Am 25. Juni 1523 kam die ganze Expedition nach Panama zurück. Die alte Niederlassung Santa Maria del Darien (Antigua) begann schon 1521 zu veröden und wurde 1524 ganz aufgegeben. An ihre Stelle trat Panama.

Zur weiteren Ausbeutung seiner Entdeckungen, die ihm Pedrarias nur unter seinem Namen gestatten wollte, begab sich Gil Gonzalez nach S. Domingo, warb Schiffe und Mannschaften und segelte damit im Frühling 1524 nach der Ostküste von Nicaragua und Honduras und wollte an der Mündung des Rio Ulea landen. Er benannte den Hafen Puerto de Caballos, weil er gezwungen wurde, im Sturme mehrere Pferde über Bord zu werfen, um das Schiff zu retten. Dann ging er weiter nach Osten zum Cap Honduras und drang von hier aus gegen Süden in der Richtung zum Nicaraguasee vor. Dort stieß er auf eine Abtheilung der spanischen Schar, welche um dieselbe Zeit von Süden her unter dem Commando des Hernandez de Cordova dasselbe Gebiet zu erobern suchte. Gewissenlos fiel er über seine Landsleute her und nahm ihnen ihre Beute an Gold und ihre Waffen ab. Als er aber nach Puerto Caballos zurückkam, wurde ihm wiederum von Cristoval d’Olid, welchen Cortes entsendet, das Land streitig gemacht. Ueber den Ausgang dieser Unternehmungen werden wir im Verlauf der Eroberung Mexiko’s (Cap. 2. 24) weiter zu berichten haben.

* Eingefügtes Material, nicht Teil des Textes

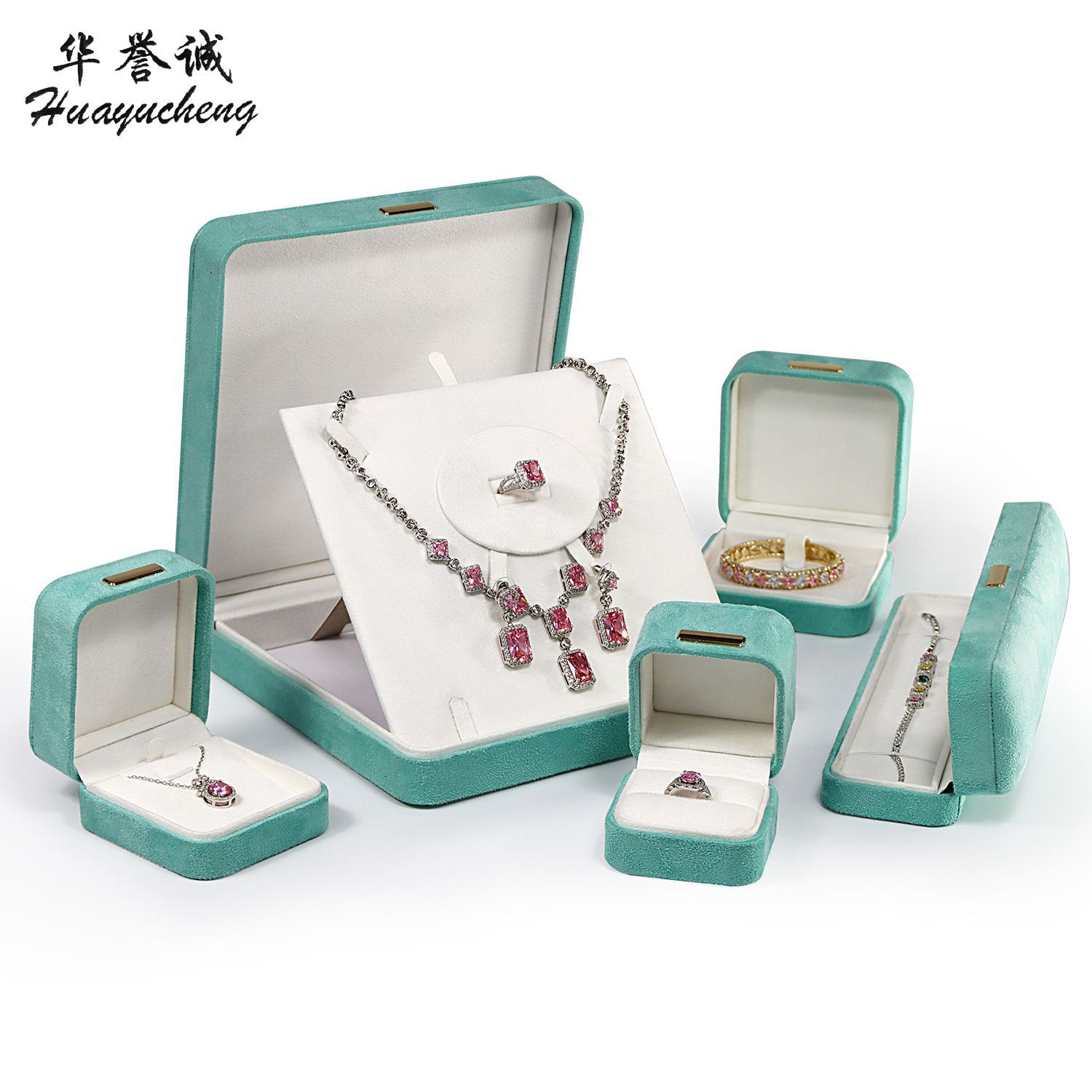 Custom turquoise PU high-grade velvet ring jewelry jewelry box octagonal double open bracelet bracelet jewelry packaging box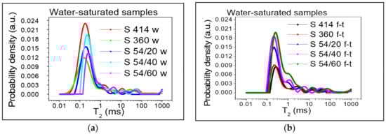 Distribution of the transverse relaxation time T2 after water saturation: (a) control samples kept in water (w); (b) samples subjected to 300 freeze–thaw cycles (f-t).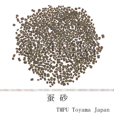 | 備考 | 蚕沙は灰黒色の短円柱形の顆粒状で,長さ2~5㎜,直径1.5~3㎜,表面は粗糙で6條の縦溝がある.質は堅いが脆く,容易に手で砕ける.微かに青草臭がある. | |||||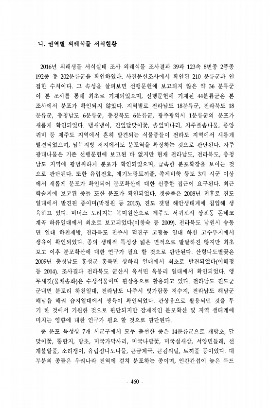 460 나. 권역별 외래식물 서식현황 2016년 외래생물 서식실태 조사 외래식물 조사결과 39과 123속 8변종 2품종 192종 총 202분류군을 확인하였다. 사전문헌조사에서 확인된 210 분류군과 인 접한 수치이다. 그 속성을 살펴보면 선행문헌에 보고되지 않은 약 36 분류군 이 본 조사를 통해 최초로 기재되었으며, 선행문헌에 기재된 44분류군은 본 조사에서 분포가 확인되지 않았다. 지역별로 전라남도 18분류군, 전라북도 18 분류군, 충청남도 6분류군, 충청북도 6분류군, 광주광역시 1분류군의 분포가 새롭게 확인되었다. 냄새냉이, 긴잎달맞이꽃, 솔잎미나리, 자주풀솜나물, 좀양 귀비 등 제주도 지역에서 흔히 발견되는 식물종들이 전라도 지역에서 새롭게 발견되었으며, 남부지방 저지에서도 분포역을 확장하는 것으...

Auch Francisco Hernandez de Cordova war von Pedrarias zur Eroberung Nicaragua’s ausgesendet. Er legte den Grund zu den Städten Granada, am nordwestlichen Ende des Sees und Leon, in der Nähe des Golfes von Fonseca. Eine Brigantine, am Gestade der Südsee auseinander genommen und im Nicaraguasee wieder zusammengesetzt, diente zur Befahrung des Binnensees und entdeckte den Abfluß desselben, den Rio S. Juan, den man aber wegen der Klippen und Stromschnellen nicht bis zum caribischen Meere verfolgen konnte. Wie fast alle Conquistadoren, wenn sie einigen Erfolg gehabt, strebte auch Cordova nach Unabhängigkeit von dem Statthalter Pedrarias. Seine Hauptleute Hernando de Soto und Compañon, welche den Verrath misbilligten, sagten sich von ihm los und kehrten nach Panama zurück. Da raffte sich Pedrarias zum letztenmal auf, erschien mit seinen Truppen unerwartet in Nicaragua, nahm den rebellischen Hauptmann gefangen und ließ ihn in Leon 1526 enthaupten. Als er im Februar 1527 nach Panama zurückkam, war sein Nachfolger Pedro de los Rios bereits auf dem Isthmus gelandet. Pedrarias zog sich nach Leon zurück und starb 1530. Dreizehn Jahre hatte das Land unter seiner Verwaltung geseufzt, er war nicht mehr fähig gewesen, seine Unterbefehlshaber zu zügeln, welche unter einander und gegen den Statthalter selbst zu den Waffen griffen. Die dissoluten Verhältnisse, welche seine schlechte Leitung über die herrlichen Landschaften von Mittelamerika gebracht, machten sich auf immer fühlbar. Sein Name war mit Recht verrufen.

18. Die Entdeckungen im Golf von Mexiko.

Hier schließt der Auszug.